Pasaron cinco años más. Era 1937. Un sábado por la tarde, Esteban escuchó en el mercado que doña Margarita, la partera, había muerto. Sintió la obligación de asistir al funeral. El velorio se llevó a cabo en la misma pequeña casa. Lo que heló la sangre de Esteban fue el olor inconfundible del mole que la familia había preparado para los visitantes.

En la cocina, dirigiendo la preparación, estaba una mujer que no había visto antes. Era mayor, de cabello blanco, pero cuando sus ojos se encontraron con los de Esteban, él lo supo.

“Doctor Maldonado”, dijo la mujer. “Qué bueno que vino. Mi tía me habló mucho de usted. Me dijo que era un hombre bueno, pero demasiado curioso”.

“¿Su tía?”, susurró Esteban.

“Sí, mi tía Petra”, respondió la mujer con naturalidad. “Murió hace dos años en Guanajuato. Me dejó muchas cosas… sus recetas, sus tradiciones. Soy Leonor, y ahora soy yo quien prepara el mole para las ocasiones especiales. Es un arte que se transmite solo entre las mujeres de nuestra familia, doctor. Un linaje que viene de muy atrás. Mi tía me enseñó dónde encontrar los ingredientes más especiales”.

“Usted…”, dijo Esteban, sintiendo náuseas.

“Estamos honrando a los muertos olvidados”, completó Leonor. “Dándoles un propósito final. Sí, doctor, al igual que mi tía y su abuela antes que ella. Es una tradición que ha pasado de generación en generación. Los muertos se mezclan con los vivos en cada bocado. Es una comunión, y continuará mucho después de que usted y yo hayamos muerto”.

Esteban no probó el mole ese día, ni en ningún otro. Él y Rocío criaron a sus hijos con advertencias veladas sobre no comer en casa de extraños. Pero lo que más atormentaba a Esteban era la pregunta: ¿cuántas familias como la de doña Petra existían?

En 1940, Esteban asistió a un congreso médico en Puebla. Durante una cena oficial sirvieron el icónico mole poblano. Observó a sus colegas, hombres de ciencia, comer con deleite. Esa noche, en su hotel, tuvo el sueño más vívido: un mercado infinito donde todas las vendedoras tenían el rostro de doña Petra, ofreciéndole mole de ollas llenas de calaveras. “Es solo una tradición, doctor”, insistían. “¿No ponemos calaveras de azúcar en los altares? ¿Cuál es la diferencia?”.
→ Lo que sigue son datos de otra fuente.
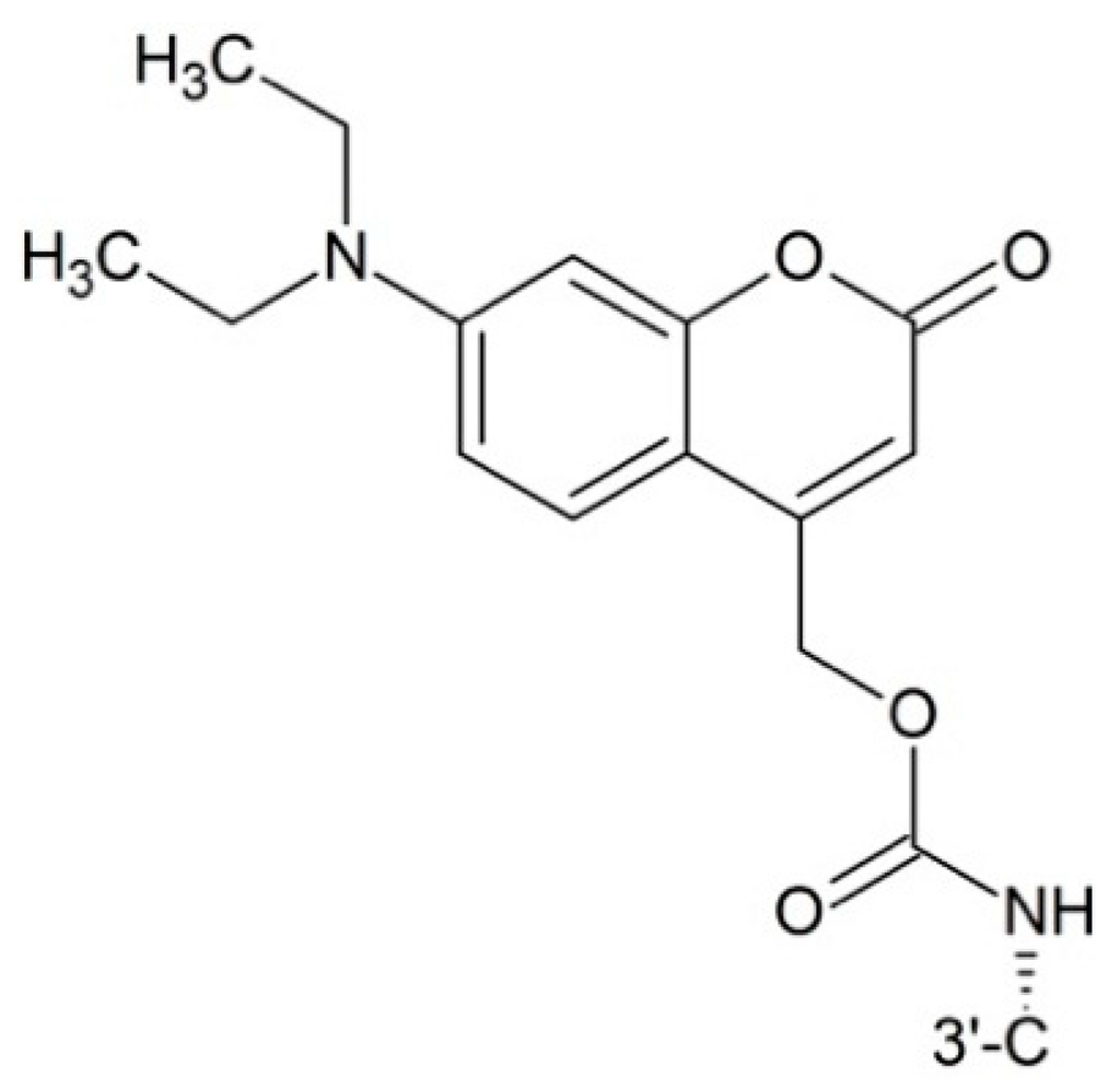 Photodynamic therapy (PDT) is a type of method for treating cancer. After a sensitizer is administered, the pathological area is exposed to visible light. The beam of light can activate a sensitizer to release a cytotoxic free radical or singlet oxygen. Skwarczynski and co-workers [] first synthesized photo responsive paclitaxel by introducing 7-N,N-diethylamino-4-hydroxymethyl coumarin (DECM) as a photolabile group to 2′-benzoyl-paclitaxel which could increase paclitaxel’s water solubility by transforming it into chloride and be activated at 430.6 nm without decomposition (Figure 8). After activation by light, the cleavage of the carbamate induces O–N acyl migration to end up with paclitaxel. Noguchi and co-workers [] also synthesized a coumarin-based high water soluble paclitaxel prodrug, which could release the parent drug at 365 nm UV light.

En 1945, Esteban recibió una carta extraña sin remitente. Dentro había una sola hoja:

Dr. Maldonado,

Mi tía abuela Leonor murió la semana pasada. Antes de morir, me llamó y me enseñó el secreto de la familia. Me dijo que le escribiera a usted, que era el único fuera de la familia que conocía la verdad.

Soy joven, doctor. Tengo solo 25 años y mi mole ya es solicitado en tres estados diferentes. Viviré muchos años más y prepararé mole para miles de celebraciones. Y cuando sea vieja, le enseñaré el secreto a mi sobrina, quien se lo enseñará a la suya.

Esto nunca terminará, doctor. Es parte de México, tan esencial como el maíz, tan antiguo como las pirámides.

Pensé que debía saberlo.

Una amiga de la tradición.

Esteban quemó la carta esa misma noche, observando cómo el papel se convertía en cenizas. Pero las palabras ya estaban grabadas en su memoria.

Cuando Esteban Maldonado murió en 1968, a los 68 años, se llevó consigo el tormentoso conocimiento de la verdad que había descubierto. Murió en una Ciudad de México que se había transformado drásticamente, una metrópoli moderna de rascacielos y autopistas, pero donde las fiestas patronales seguían celebrándose en los barrios antiguos. En su funeral, como era la costumbre, su familia sirvió mole a los dolientes. Nadie notó ningún sabor mineral, ni tuvo pesadillas esa noche; era simplemente el platillo de la celebración, oscuro, complejo e inolvidable, conectando, como siempre lo había hecho y como siempre lo haría, a los vivos con la memoria de los muertos.